Member of the Pennsylvania House of Representatives from the 147th district
- In office June 9, 2010 – November 30, 2020
- Preceded by: Bob Mensch
- Succeeded by: Tracy Pennycuick

Personal details
- Born: August 17, 1958 (age 67) Pottstown, Pennsylvania
- Party: Republican
- Spouse: Mark
- Children: 5

= Marcy Toepel =

American politician (born 1958)

Marcy L. Toepel is an American politician and member of the Republican Party. She represented the 147th District in the Pennsylvania House of Representatives from 2010 until 2020.

==Formative years==
Born in Pottstown, Pennsylvania, on August 17, 1958, Toepel graduated from Boyertown Area High School in 1976.

==Public service career==
Prior to her election to the Pennsylvania House of Representatives, Toepel served as a member of the executive committee of the Montgomery County Republican Committee, and was elected to the Boyertown Area School Board; she served on that board from 1993 to 1997.

During the early 2000s, Toepel was employed as the first deputy, clerk of courts in Montgomery County, Pennsylvania. She was then employed as Montgomery County's first deputy recorder of deeds, beginning in 2008. In 2007, she ran unsuccessfully for the position of clerk of courts, losing in a closely contested race to Democratic candidate Ann Thornburg Weiss.

On June 9, 2010, Toepel took her seat in the Pennsylvania House after winning a special election on May 10 that was triggered by the resignation of Republican Bob Mensch. Mensch had won another special election held for the State Senate seat vacated by Republican Rob Wonderling, who had resigned to take-over as President and CEO of Greater Philadelphia Chamber of Commerce.

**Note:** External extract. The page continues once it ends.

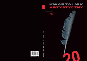 INDEKS 36294 CENA 1 1 zł (w tym 5% VAT) KWARTALNIK AR TYSTYCZNY 4/2012 (76) 76 ZESPÓŁ: Adam Bednarek, Jan Błoński , Stefan Chwin, Aleksander Fiut, Michał Głowiński, Marek Kędzierski, Julian Kornhauser, Leszek Szaruga REDAKCJA: Krzysztof Myszkowski – redaktor naczelny Paweł Tański – sekretarz redakcji Barbara Dąbrowa – biuro redakcji ABSE ACHMATOWA ADAMIEC ADCOCK AJVAZ ALOCHIN ALTIEV AMICHAJ ANCET ANDERMAN ANDRZEJEWSKI ANTONIUK APOLLINAIRE APPEL ARP ASMUS ASPENSTRÖM ATWOOD AUSLÄNDER AUSTER AWIDAN BACHMANN BACON BACZAK BADZIĄG BAGIŃSKI BAJSIĆ BAKEVSKI BALANTIC BALCERZAN BALIŃSKI BANACH BANVILLE BARAN BARANOWSKA BAREŁKOWSKA BARRAL BARTCZAK BARTOSZEWSKI BATHELIER BECKETT BEDNARCZYK BE’ER BELMONT BENKA BENN BERLIN BERNACKI BERNADAC BERNHARD BESANÇON BESZCZYŃSKA BEYER BIAŁOSZEWSKI BIELSKA-KRAWCZYK BIEŃKOWSKA BIEŃKOWSKI BIGA BLIN BLOOM BŁASIAK BŁOŃSKI BOBKOWSKI BOCHEŃSKI BOCZKOWSKI BOLECKA BOLECKI BOLEWSKI BORGES BORKOWSKA BOROWIEC BORUŃ BOURGEOIS BRAKONIECKI BRAUN BRAUTIGAN BRAY BRECHT BRKA BRODA BRODSKI BRONIEWSKI BROWN BRUNNE BRZOSKA BUKOWSKI BUNIN BUREK BURIAN BURYŁA BUSZA CALDER CELAN CELINE CENDRARS CHALFI CHETWYND CHEVILLARD CHLEBNIKOW CHOJNOWSKI CHOLIN CHWIN CIELECKI CIELESZ CIESIELSKA CISŁO CLAUDEL CLUCHEY CRONIN CUMMINGS CVETKOVSKI CYRANOWICZ CZARKOWSKI CZAYKOWSKI CZĘSTOCHOWSKI CZUCHNOWSKI CZUKU ĆWIKLIŃSKI ČEGEC DANILEWICZ-ZIELIŃSKA DANN DĄBROWSKA DĄBROWSKI DEHNEL DELEUZE DERDOWSKI DEVILLE DĘBICZ DICKINSON DŁUSKI DOBIES DOMARUS DOOLITTLE DORN DRAWERT DRIVER DUBOWIK DUKES DUNIN DUPIN DURAKOWIĆ DURAS DYAKOWSKI DZIEŃ DZIURZYŃSKI ECHENOZ T.S.ELIOT ENGELKING ENRIGHT ENZENSBERGER ESSLIN FABJAN FALARSKI FERENC FERRINI FIETT FILIPIAK FIUT FLAUBERT FLEISCHMANN FLETCHER FRAJLICH FRANASZEK FRANIA FRÉNAUD FRIEDELÓWNA FUCHS FRYDRYCZAK GAILLY GALAS GARDZIELWSKA GARLICKA GASPAROW GENET GEORGIEW GIACOMETTI GIDLECKA GIEDROYC GILBOA GINSBERG GIERSZEWSKI GIZELLA GLONDYS GŁOWIŃSKI GOERKE GOMORI GORCZYŃSKA GRABOWSKI GROSSMAN GRUCHAŁA GRUDZIŃSKA GRUNBEIN GRZEBALSKI GRZEGORZEWSKA GRZESIAK GRUSE GRYKO GRYNBERG GURI GUTOROW GUTOWSKI HALAS HAMKAŁO HANDKE HARRIS HARTWIG HASS HASSEK HAVEL HEDLUND HELLIKES HERBERT HERLING-GRUDZIŃSKI HERTZ HETMAN HIEBEL HOFFMAN HOFFMANN HOLUB HONET HÖLDERLIN HRYNACZ HUNKELER HUNTER IONESCO ISSA IWANIUK JACCOTTET JAKUBOWSKA-FIJAŁKOWSKA JANKOWSKI JANKO JAN PAWEŁ II JARNIEWICZ JARZĘBSKI JASEK JASPERS JASTRUN JASTRZĘBIEC-MOSAKOWSKI JELINEK JEDLIŃSKI JELLOUN JENTYS JONATAN JOYCE JUARROZ JULIET A. JUREWICZ J. JUREWICZ JURKOWSKA JURZYSTA KAJAK KAKAREKO KALANDYK KALB KALISZER-HAZAZ KALINOWSKI KALOTA-SZYMAŃSKA KANTOR KAPUŚCIŃSKI KARASEK KAROLAK KASTEL-BLUM KAWAFIS KĘDZIERSKI KIBIROW KIELAR KIEPUSZEWSKI KIERC KIJOWSKI KISEVIC KITSCH KIZNY KLEJNOCKI KLOTT KŁOCZOWSKI J.A. KOBIERSKI R. KOBIERSKI KOHLER KOLBE KOLTES KOŁACKA KONWICKI KOVILOVSKI JULIAN KORNHAUSER JAKUB KORNHAUSER KORZENIOWSKI KOSIŃSKA KOŚCIAŁKOWSKA KOTAŃSKI KOTLARCZYK KOZIOŁ KOŹMIŃSKI KRAL KRASIŃSKI KRAUSS KREMER KRÓL KRYNICKI KRYSZAK KRZYŻAN KUBIAK KUCIAK KURAŚ KUREK KURYLAK KURYLUK KUŚ KUŹMIŃSKI KÜSTER KWIATKOWSKI LALIĆ LASECKI LASKER-SCHÜLER LATAWIEC LE CLÉZIO LEFCOWITZ LEKSZYCKI LEM LEMPP LENOIR LEOCIAK LESZKOWICZ LEWANDOWSKI LEVERTOV LEVINE LIBERA LIGĘZA LINDON LIPKA LIPSKA LIPSKI LIRA-ŚLIWA LISOWSKI LORD LOVELL LUBIŃSKA LUDWIKOWSKA LUKIĆ LUPA ŁUKASIEWICZ ŁUKASZEWICZ MACCAIG MACIERZYŃSKI MACKIEWICZ MADEJSKI MAJ MAJERSKI MAKOVI MALISZEWSKI MARCZEWSKI MAGEN MARCZEWSKI MARJAŃSKA MASIANIS MASOŃ MATUSZEWSKI MATYWIECKI MAUVIGNIER MACCAIG MCMULLAN MELBECHOWSKA-LUTY MELECKI MENASSE MESCHONNIC MICHAŁ ANIOŁ MICHAŁOWSKI MIELHORSKI MIESZKO MIĘDZYRZECKI MIKOŁAJCZAK MIKOŁAJEWSKI MIŁOSŁAWSKI MIŁOSZ MISIAK MITTERMAYER MITZNER MIZERKIEWICZ MLADENOSKI MOCARSKA-TYCOWA MOCZKODAN MOCZULSKI MORAWIEC MOŚCICKI MOYER MÜLLER-FREIENFELS MUSIAŁ MUSZYŃSKI MYSZKOWSKI NAPIÓRKOWSKI NASIŁOWSKA NDIAYE NIEMIEC NIXON NOWACKI NOWAKOWSKA NOWICKI NOWOSIELSKI OLEK OLĘDZKA-FRYBESOWA ONDAATJE OPALIŃSKA ORDAN ORŁOŚ ORSKI OSTER OSTI OSZAJCA ÖZKÖK PACHOCKI PACHOLSKI PANCZENKO PANKOWSKI PAWLUŚ PAWŁOWSKA PAŹNIEWSKI PENDERECKI PETRESKI PIASZCZYŃSKI PIECHOCKA PIECHOWICZ PIECZYŃSKI PIETRYK PILCH PINGET PINTER PINTILIE PIRIE PIWKOWSKA PJECUCH PLATH PLUTOWICZ POLKOWSKI POLLAKÓWNA POMORSKI POTOKAR POUND PRAŻMO PROCKI PRUSS PRZYBYLAK PRZYBYSŁAWSKI PUCIATA QUADFLIEG RABINOVICI RADZIEJOWSKI RAWIKOWICZ RENOUARD REŠICKI REUBNER REVERDY REXROTH RIEGEL RIEGER ROBBE-GRILLET ROBERTS RODOWSKA ROGUSKI ROMANOW ROSENTHAL ROSSET ROTH ROTHMANN ROUAUD J. RÓŻEWICZ ST. RÓŻEWICZ T. RÓŻEWICZ RÓŻYCKI RUBINSTEIN RUTKOWSKI J.M.RYMKIEWICZ RZĘDZIAN SACHS SADECKI SALAMUN SALMONOWICZ SALSKA SARAJLIĆ SARNA SARRAUTE SARTRE SCHILLER SCHEIDEGGER SCHNEIDER SCHUBERT SEIFERT SEJFAS SENKTAS SEXTON SHLIEN SIEGEL SIEMASZKO SIENKIEWICZ SIMIĆ SIMON SINGER SIWCZYK SIWIEC SKRENDO SKUCZYŃSKI SKWARNICKI SŁAWIŃSKA SŁAWNIKOWSKI SMALCERZ SMOLKA SNYDER SOBKOWIAK SOBOLCZYK SOBOLEWSKI SOCHOŃ SOKOŁOWSKI SOLIŃSKI SOMMER SONNENBERG STACHURA STANIŁKO STANKOWSKA STARCZAK-KOZŁOWSKA STASIUK STAŚKIEWICZ STEFKO STERN STERNA-WACHOWIAK STOJIĆ STREERUWITZ STROIŃSKI STRUMIŁŁO-MIŁOSZ STRUMYK STYCZEŃ SULEJMAN SUSLIN SYLVESTER SYNDER SYNORADZKA SZAFRANIEC SZARMACH SZARUGA J.J.SZCZEPAŃSKI SZEWC SZKŁOWSKI SZLOSAREK SZUBA SZUBER SZWALBE A. SZYMAŃSKA B. SZYMAŃSKA I. SZYMAŃSKA SZYMANOWSKI SZYMBORSKA ŚMIEJA TABORSKI TAŃSKI TERC THOMAS TISCHNER TKACZYSZYN-DYCKI TOCINOVSKI TOMASIK TOUSSAINT TRAKL TRIECHEL TRZECIAKOWSKI TUNNER TUSZYŃSKA TWARDOWSKI TYRANKIEWICZ VARGA VIEL VODUSEK WAJDA WALC WALSER WANIEK WANTUCH WARTA WEBER WELTER WENCEL WENDORFF WHIETELAW WHITMAN WIECZOREK WILDE WILLIAMS WINIARSKI WIRPSZA WIŚNIEWSKI WITKOWSKI WOHN WOJCIECHOWSKA WOJCIECHOWSKI WOLSKI WOŁOSZYN WOROSZYLSKI WÓJCIK WRÓBLEWSKI K. WYKA M. WYKA WYCZÓŁKOWSKA YEATS ZACH ZADURA ZAGAJEWSKI ZAJC ZAMIARA ZARĘBIANKA ZAWADA ZAWISTOWSKI ZEGARLIŃSKI ZETTINGER ZIELENKIEWICZ ZIEMIŃSKI ŻAKIEWICZ ŻYŁKO ŽAGAR 4 /201

After serving out the remainder of that 2009 term, she was re-elected to the Pennsylvania House for five additional, consecutive terms. In July 2012, she co-sponsored a proposed amendment to the commonwealth's state gaming law to redirect the two percent of annual revenues received by Montgomery County from the Valley Forge Resort & Casino from its then-model of funding local, tax-supported, public infrastructure projects to, instead, provide funding for county non-profits that were providing services to women and children who were victims of domestic violence, as well as to the county's historic sites, parks and hiking trails. Earlier that same year, she was a co-sponsor of the "Woman's Right to Know Act," a proposed bill that would have required any pregnant woman seeking an abortion to undergo an ultrasound procedure "at least 24 hours before" the abortion could be performed, and would also have required "that a photo of the ultrasound be placed within the patient's line of sight, and that she be given the opportunity to listen to the fetal heartbeat." As word of the bill spread statewide, "Sponsors of the bill later clarified that a woman would not have to look at the printout." Initially placed on the legislative calendar, it was tabled as legislators received increasingly negative feedback from constituents.

Appointed to the Select Committee on School Safety in 2013, she was also appointed as deputy whip, serving in that role from 2013 to 2016. She was then elected as majority caucus chair and appointed to the Joint State Government Commission, and held both of those posts from 2017 to 2020, while also serving on the SEPTA board of directors from January 2017 to December 2020.

In December 2019, Toepel announced that she would not seek re-election. She was replaced by Tracy Pennycuick.